Highlighting some of the achievements so far made by the Centre, Professor Adebambo disclosed that the University has six lines of improved local chickens, adding that she started the project in 1994 and by 2004, when she went for an exhibition in Abuja with 46 other Universities, FUNAAB got the award for the best indigenous poultry breed and retained the award in 2005, where it competed with 53 other Universities. She said whenever the University officials travelled, they always went with one-day, one-week, two-week and four-week chicks and would end up selling all the chicks as they were in high demands.

Giving an update on the indigenous poultry breed, Professor Adebambo said through the Bills and Melinda Gates Foundation, she had a vision to empower rural household with indigenous chickens and bring people out of poverty, noting that the University had consistently and persistently been developing the local chicken. From the local chicken that produced just 40-60 eggs in the backyard yearly, they had been developed to produce 200-250 eggs per annum and instead of the 39 grams egg, they now produce between 55-60 grams egg.

The Director further disclosed that instead of the white eggs, the local breeds now produce pink and brown eggs, saying that although some of them still lay white eggs and instead of the mature weight of point nine kilogram, the birds at maturity weigh as much as 1.2-1.5 kilograms, so that at the end of the day, point of lay birds cannot be differentiated from the exotic birds.

“With the funding from the Bills and Melinda Gates Foundation, we now have the white, black, brown and the ash-line of the indigenous breed. There are also two mid-lines, which has 25 or 75 percent local blood. They are meat-lines, they are bigger with tougher meat than the imported stock. We can hardly meet the request of our customers here and other Universities have been taking our stocks. The University of Ilorin bought about 300 day-old-chicks last year and Landmark University recently bought about 300 chicks from us because our day-old-chicks are Parent Stock (PS). If you are to buy PS outside, it goes for N750 for a day-old but we sell our own here for N300 because these are Nigerian chickens for the Nigerian people”.

Professor Adebambo said when she was the Dean, College of Animal Science and Livestock Production (COLANIM) of the University, she was able to buy a 2,000-capacity incubator, which hatched about 500 eggs weekly but with the Bills and Melinda Gates Foundation, she had been able to acquire 114,000-capacity incubator for the University. She advocated for more funds to be allotted into housing so that the University could generate more birds and be able to supply the whole of the southwest.

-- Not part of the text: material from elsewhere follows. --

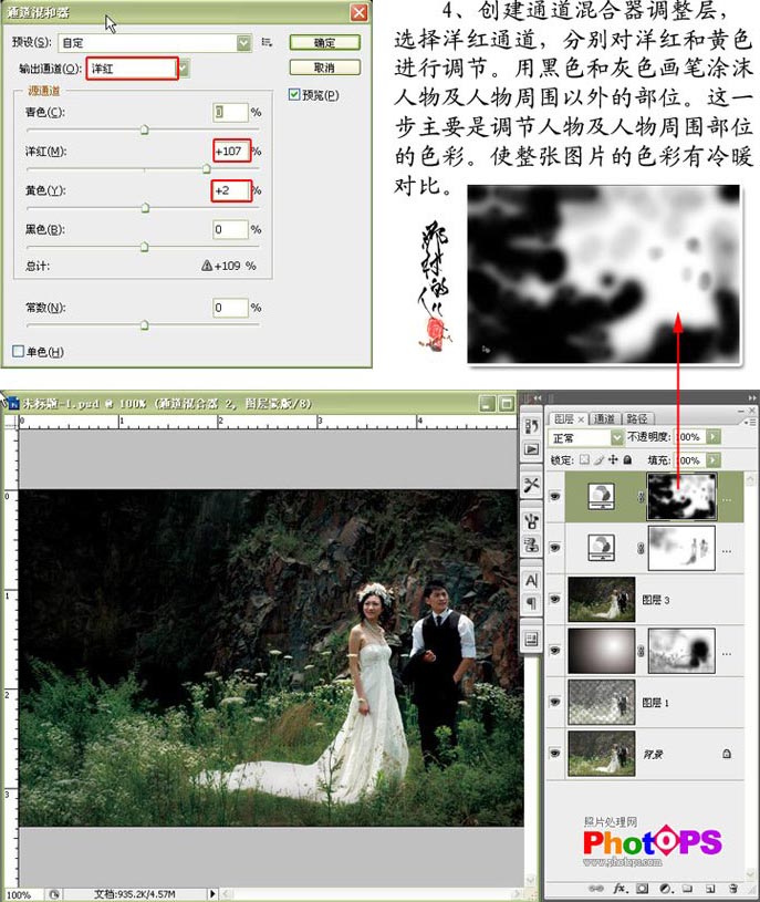 4.创建通道混合器调整层,选择洋红通道,分别对洋红和黄色进行调节。用黑色和灰色画笔涂抹人物及人物周围以外的部位。这一步主要是调节人物及人物周围部位的色彩。使整张图片的色彩用冷暖对比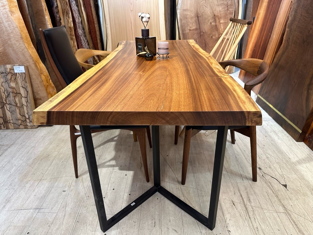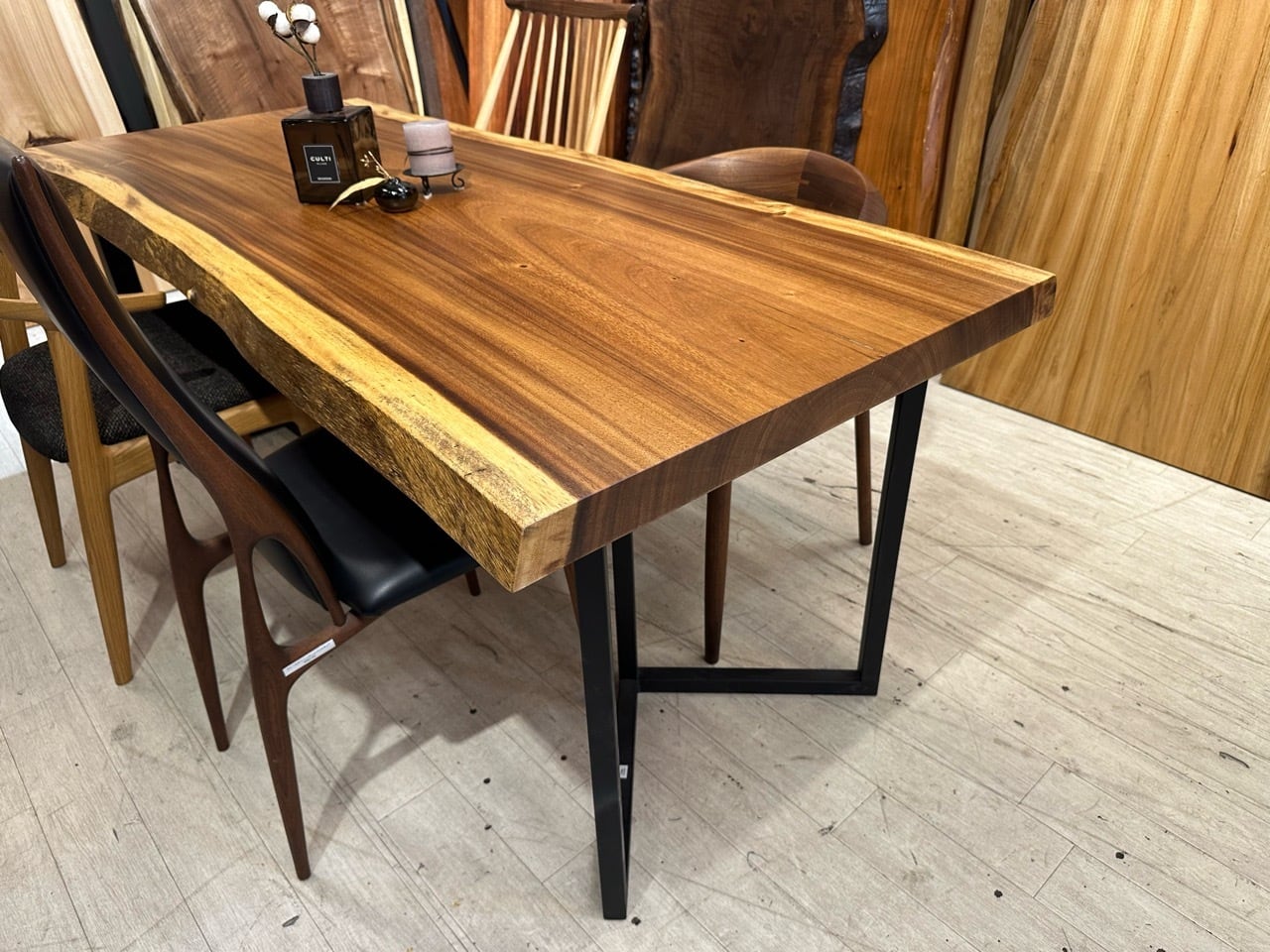 120kgまでを想定して耐荷重及び強度計算されたスチール部材を用いて一枚板及び無垢天板の専用に設計されております。

The Director said she was also looking forward to a time when the University would have an egg processor, which would give eggs longer shelf-life, whereby eggs could be brought in and processed into dry powdery form and packaged like milk for school children or be used to make vegetable soup to provide the protein requirements for the populace. She also recommended that the University considered having a processing centre, whereby live-birds are purchased either from the University or brought in from outside and are dressed for individuals at a token fee, rather than depending on imported chickens, in which they do not know their shelf-life.